I want to cull the amount of data (rows) such that the reduced dataset will have the same CDF and PDF as the original data for all $m$ variables. Simple bootstrapping will not do as that technique assumes that the variables are independent. However, I have the impression that multi-stage bootstrapping might actually be something that could be used here.
Does anyone have an answer to my question, or can anyone refer me to some literature where I could find an answer on this?
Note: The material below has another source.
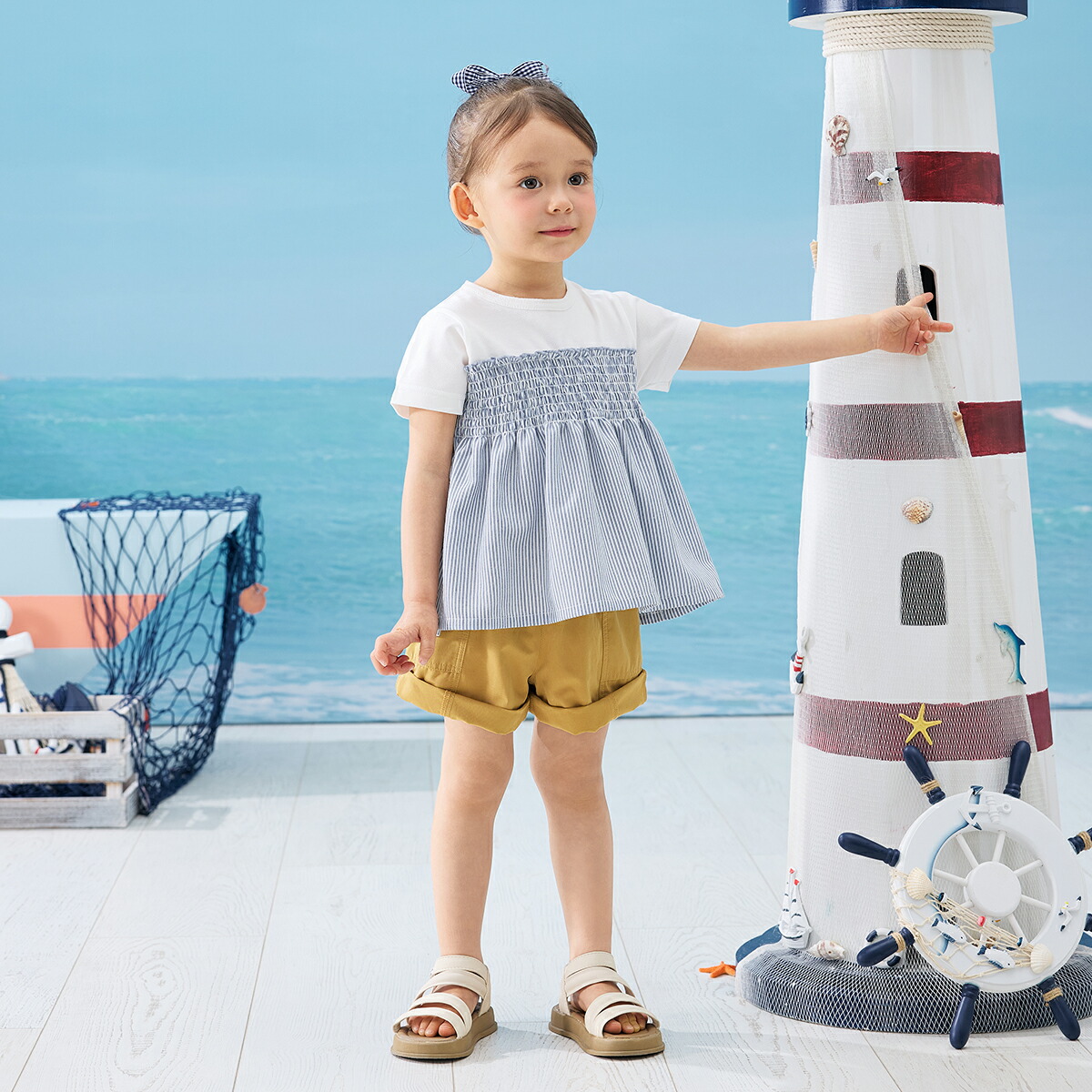 【素材】下身頃は薄手で柔らかいコードレーン生地を採用。生地感やマリンカラーの色合いが夏におススメです。上身頃無地部分は、夏らしい通気性の良い薄手のストレッチカノコ素材を使用しました。

If you happen to have some coding examples yourself, I am writing in Matlab.
Best Answer
The wikipedia reference is excellent. It has a number of references to several books. My book Chernick (2007) covers time series. But the most thorough text on dependent data is Lahiri's text. I will provide these additional references.
The two references are
1) Bootstrap Methods: A Practitioners Guide 2nd Edition, Michael R. Chernick (2007) Wiley.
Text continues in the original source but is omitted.